### PROBLEM STATEMENT
Any picture in the material should be left out, while all other lines are copied exactly.

Start of DATASET SECTION

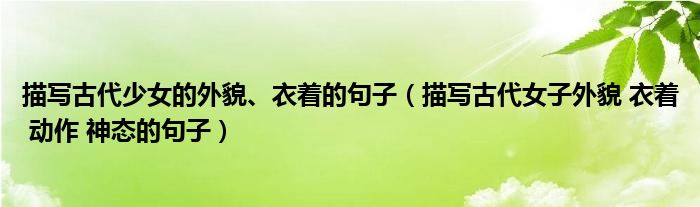 关于描写古代少女的外貌、衣着的句子,描写古代女子外貌 衣着 动作 神态的句子这个很多人还不知道,今天菲菲来为大家解答以上的问题,现在让我们一起来看看吧!
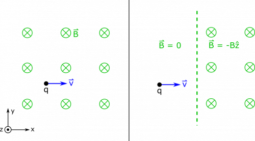 - In the case where the particle comes from outside, the field is a step function – it goes immediately from $0$ to $B$, and we can draw a boundary.
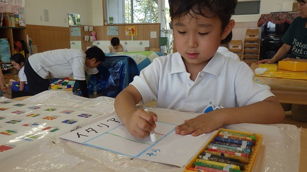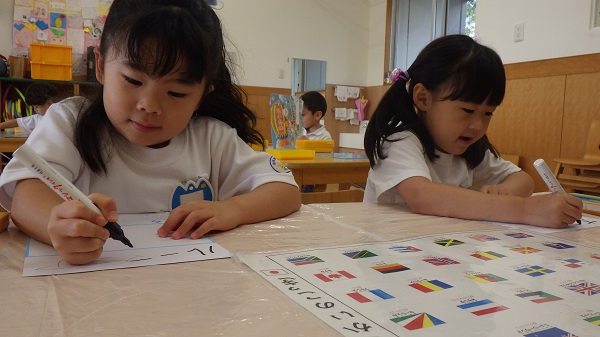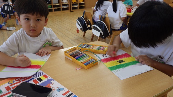 世界中の国旗の中から子どもたちがお気に入りを選び、ヨーロッパやアジア、アメリカ大陸の国などの様々な旗を丁寧に作りました。旗を作りながら「ベルギーはねチョコレートがすごいんだよ!」「ドイツの黒いところが好き」など、その国のことを教えてくれたり、どこがお気に入りなのかを説明してくれたり、とても楽しみながら国旗作りをしていました!

End of DATASET SECTION

### PROBLEM SOLUTION
 关于描写古代少女的外貌、衣着的句子,描写古代女子外貌 衣着 动作 神态的句子这个很多人还不知道,今天菲菲来为大家解答以上的问题,现在让我们一起来看看吧!
 - In the case where the particle comes from outside, the field is a step function – it goes immediately from $0$ to $B$, and we can draw a boundary.
 世界中の国旗の中から子どもたちがお気に入りを選び、ヨーロッパやアジア、アメリカ大陸の国などの様々な旗を丁寧に作りました。旗を作りながら「ベルギーはねチョコレートがすごいんだよ!」「ドイツの黒いところが好き」など、その国のことを教えてくれたり、どこがお気に入りなのかを説明してくれたり、とても楽しみながら国旗作りをしていました!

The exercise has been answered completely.